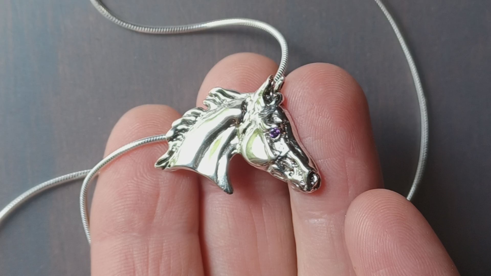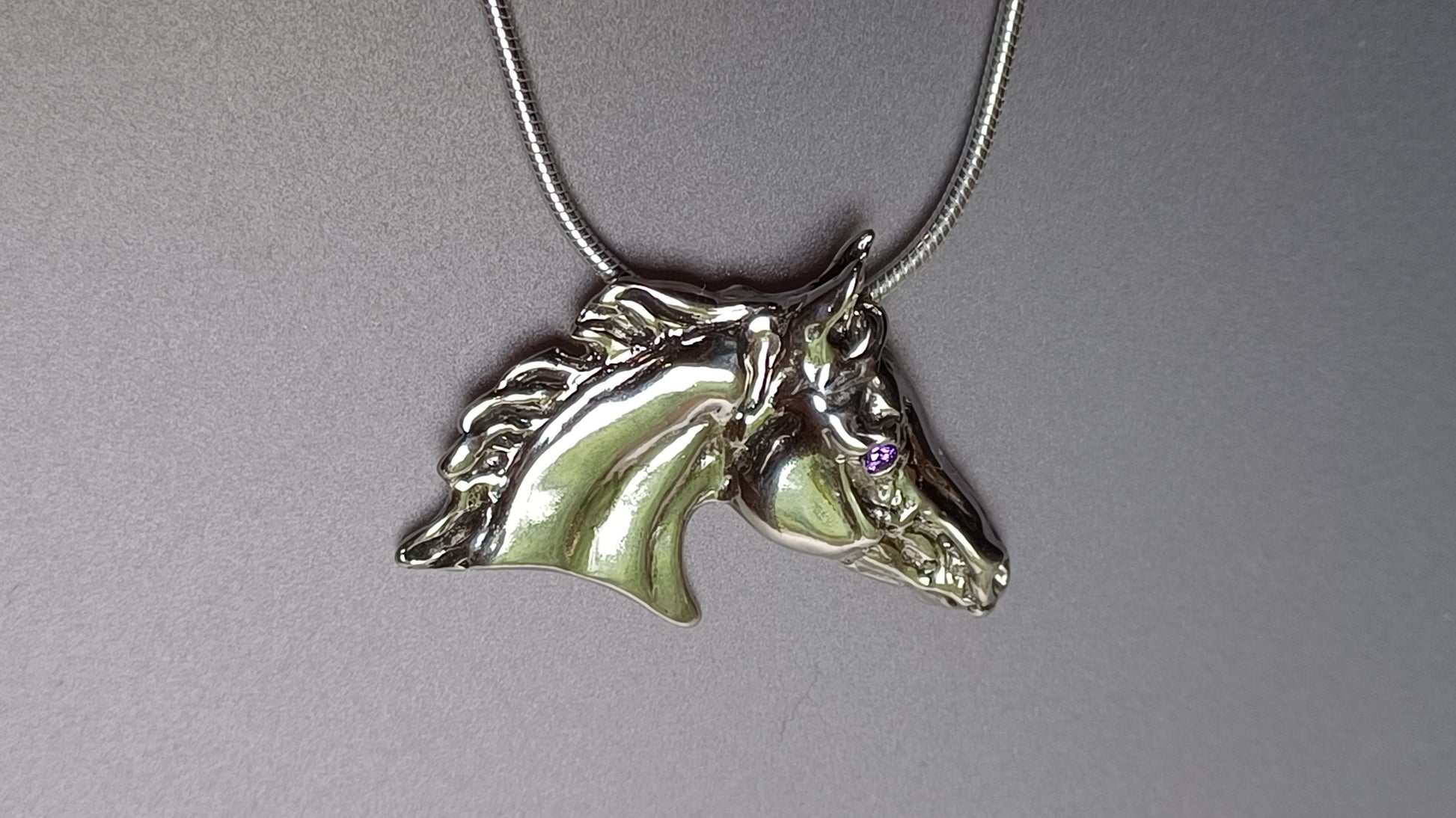 This listing is for the Horse head pendant with a amethyst stone set eye. Just a little sparkle and it really sets the piece off beautifully! If you would prefer a different stone set in the horse's eye, please let me know.
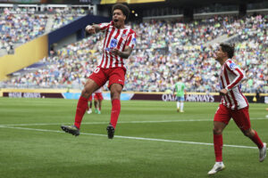 19.06.2025, USA, Seattle: Axel Witsel (l) im Dress von Atlético Madrid. Hier jubelt er nach einem Tor. Der 36-Jährige spielt inzwischen für den FC Girona. Foto: Ryan Sun/AP/dpa
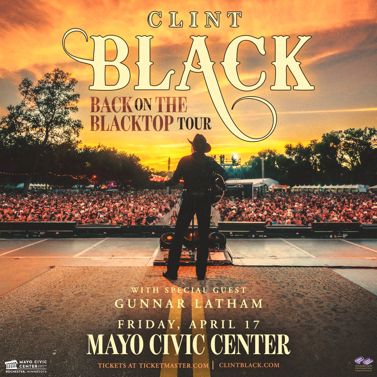 Country Star Clint Black is bringing his Back On The Blacktop Tour to Mayo Civic Center on Friday, April 17, 2026.
——
● WHAT NEEDS TO BE DONE: Return an exact transcription of the material, with its pictures left out.

● YOUR RESPONSE:
 This listing is for the Horse head pendant with a amethyst stone set eye. Just a little sparkle and it really sets the piece off beautifully! If you would prefer a different stone set in the horse's eye, please let me know.
 19.06.2025, USA, Seattle: Axel Witsel (l) im Dress von Atlético Madrid. Hier jubelt er nach einem Tor. Der 36-Jährige spielt inzwischen für den FC Girona. Foto: Ryan Sun/AP/dpa
 Country Star Clint Black is bringing his Back On The Blacktop Tour to Mayo Civic Center on Friday, April 17, 2026.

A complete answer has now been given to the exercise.